From: Eduard Zingerman <eddyz87@gmail.com>
To: David Vernet <void@manifault.com>
Cc: bpf@vger.kernel.org, ast@kernel.org, andrii@kernel.org,
daniel@iogearbox.net, martin.lau@linux.dev, kernel-team@fb.com,
yhs@fb.com
Subject: Re: [PATCH bpf-next v2 1/1] docs/bpf: Add description of register liveness tracking algorithm
Date: Tue, 31 Jan 2023 01:45:29 +0200 [thread overview]
Message-ID: <d8a6ac211053c27463c87beeaa74ee511d3ca796.camel@gmail.com> (raw)
In-Reply-To: <Y9ghp6G8KiG6fO2a@maniforge>
On Mon, 2023-01-30 at 13:59 -0600, David Vernet wrote:
> On Mon, Jan 30, 2023 at 08:24:00PM +0200, Eduard Zingerman wrote:
> > This is a followup for [1], adds an overview for the register liveness
> > tracking, covers the following points:
> > - why register liveness tracking is useful;
> > - how register parentage chains are constructed;
> > - how liveness marks are applied using the parentage chains.
> >
> > [1] https://lore.kernel.org/bpf/CAADnVQKs2i1iuZ5SUGuJtxWVfGYR9kDgYKhq3rNV+kBLQCu7rA@mail.gmail.com/
> >
> > Signed-off-by: Eduard Zingerman <eddyz87@gmail.com>
>
> This is great, thanks a lot for writing this up. Left some comments.
>
> > ---
> > Documentation/bpf/verifier.rst | 266 +++++++++++++++++++++++++++++++++
> > 1 file changed, 266 insertions(+)
> >
> > diff --git a/Documentation/bpf/verifier.rst b/Documentation/bpf/verifier.rst
> > index 3afa548ec28c..7269933428e1 100644
> > --- a/Documentation/bpf/verifier.rst
> > +++ b/Documentation/bpf/verifier.rst
> > @@ -316,6 +316,272 @@ Pruning considers not only the registers but also the stack (and any spilled
> > registers it may hold). They must all be safe for the branch to be pruned.
> > This is implemented in states_equal().
> >
> > +Some technical details about state pruning implementation could be found below.
Hi David,
Thank you for commenting. I'll update the doc according to your
s/xxx/yyy/ suggestions, sorry for the amount of missing comas, etc.
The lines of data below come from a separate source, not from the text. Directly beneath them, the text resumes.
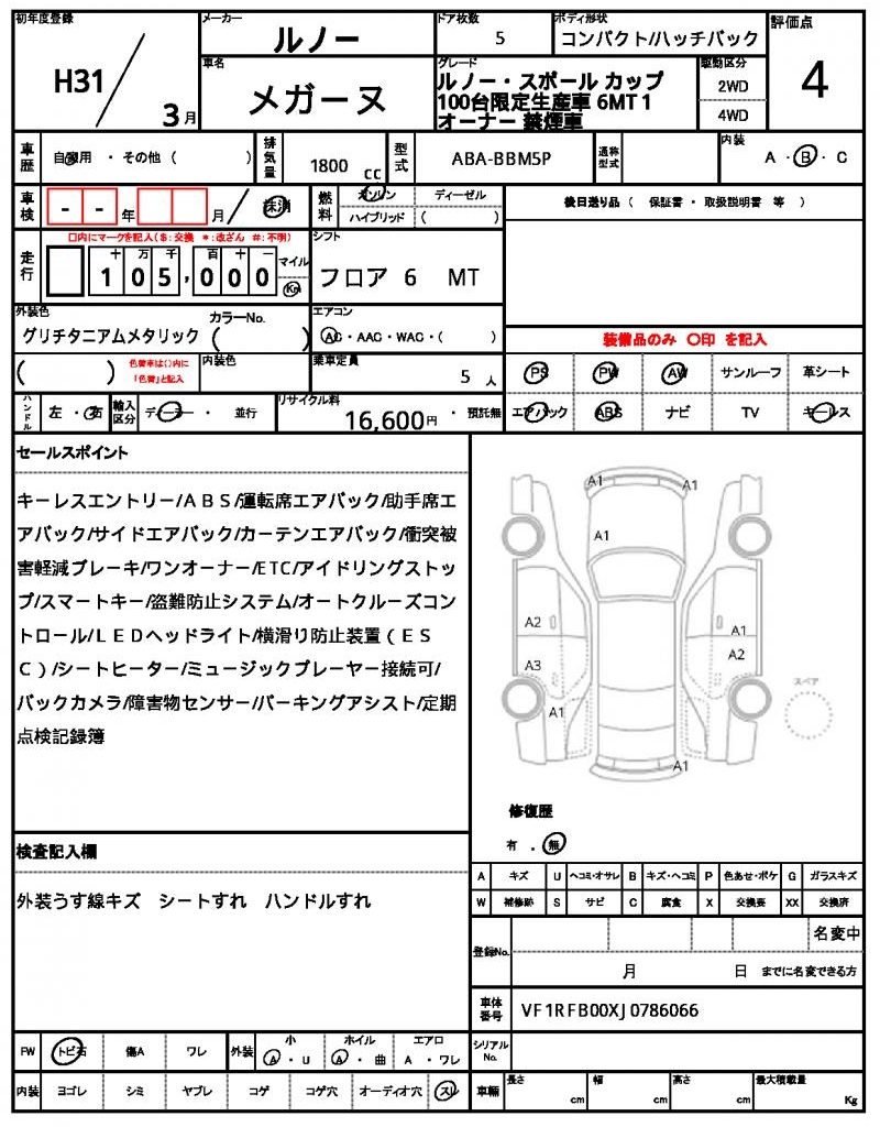 | VIN/Serial No. | VF1RFB00XJ0786066 |
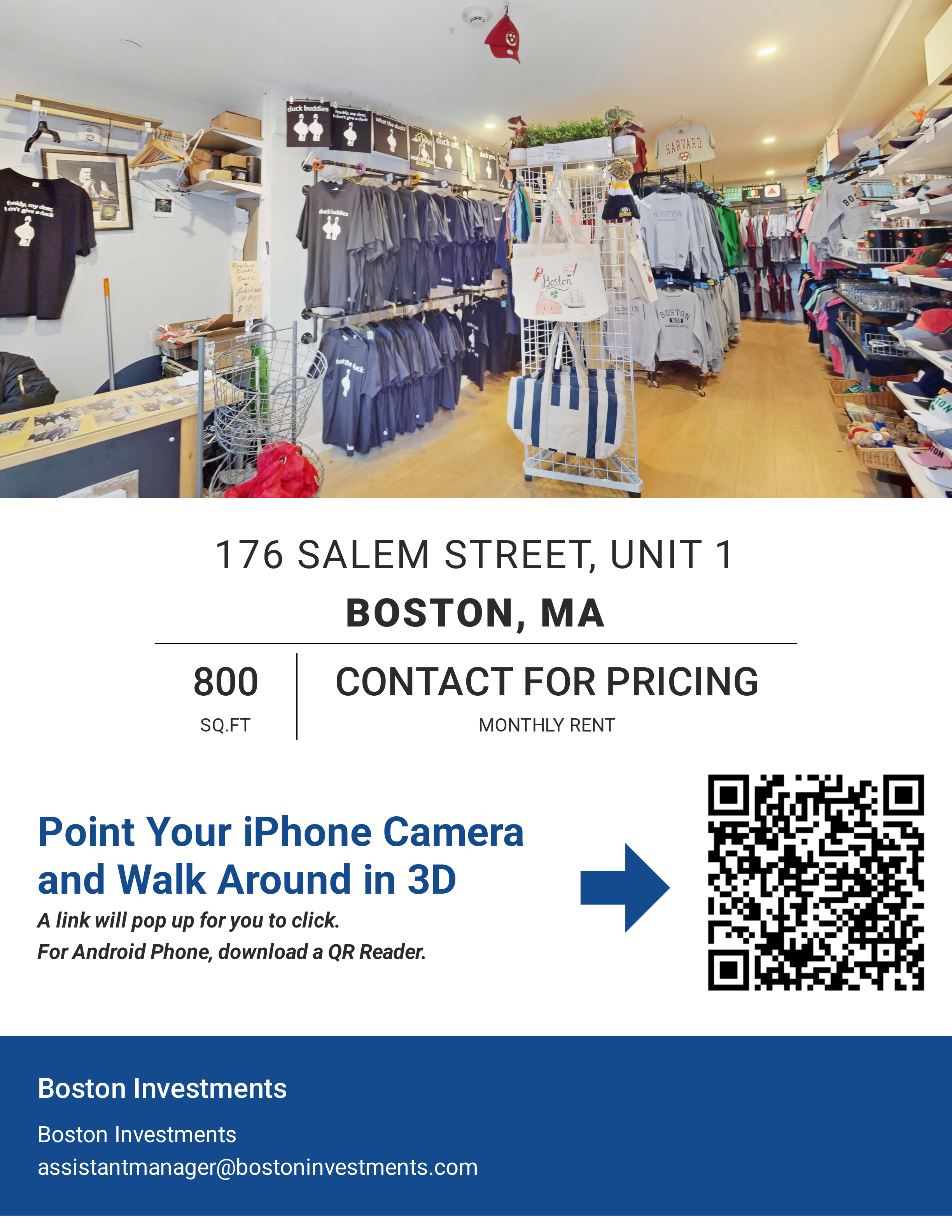 Discover the charm and versatility of this exceptional commercial space at 176 Salem Street, Unit 1, Boston, MA—a rare opportunity to establish your business in a highly desirable and bustling neighborhood. Thoughtfully designed with an efficient layout, this property offers everything needed to bring your restaurant or hospitality vision to life.
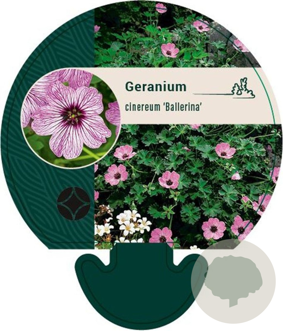 | Toelichting | De Geranium cin. 'Ballerina', ook wel Ooievaarsbek genoemd, bloeit van mei tot september met prachtige roze bloemen. Deze plant wordt ongeveer 30 cm hoog en gedijt goed in zonnige tot halfschaduwrijke plekken met lichte klei en neutrale grond. |
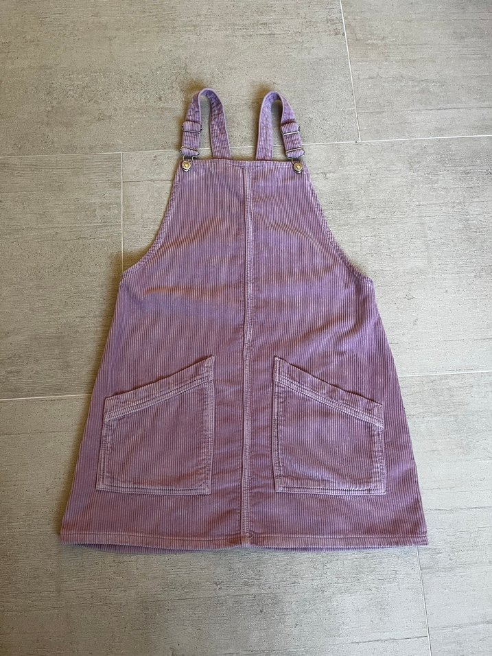 Hiçbir sorunu yoktur .Mor pastel renkte, düğmeli askılı ve ön cepli salaş tulum. Yumuşak dokulu kumaştan yapılmıştır.
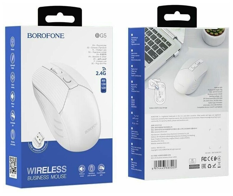 Мышь Borofone BG5, беспроводная, оптическая, 1600 dpi, от одной батарейки ААА, белая
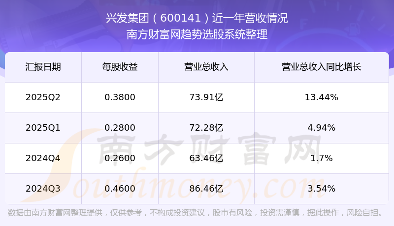 財(cái)報(bào)顯示,2025年第二季度興發(fā)集團(tuán)營收73.91億元,同比增長13.44%,凈利潤4.16億元,同比增長-1.72%。

Regarding some bigger points please see below.
> > +
> > +Register liveness tracking
> > +--------------------------
> > +
> > +In order to make state pruning effective liveness state is tracked for each
>
> Could you please add a comma after "effective"? Will use shorthand
> s/xxx/yyy for future suggestions like this.
>
> > +register and stack slot. The basic idea is to identify which registers or stack
> > +slots were used by children of the state to reach the program exit. Registers
>
> IMO the phrasing "used by children of the state" may be a bit confusing.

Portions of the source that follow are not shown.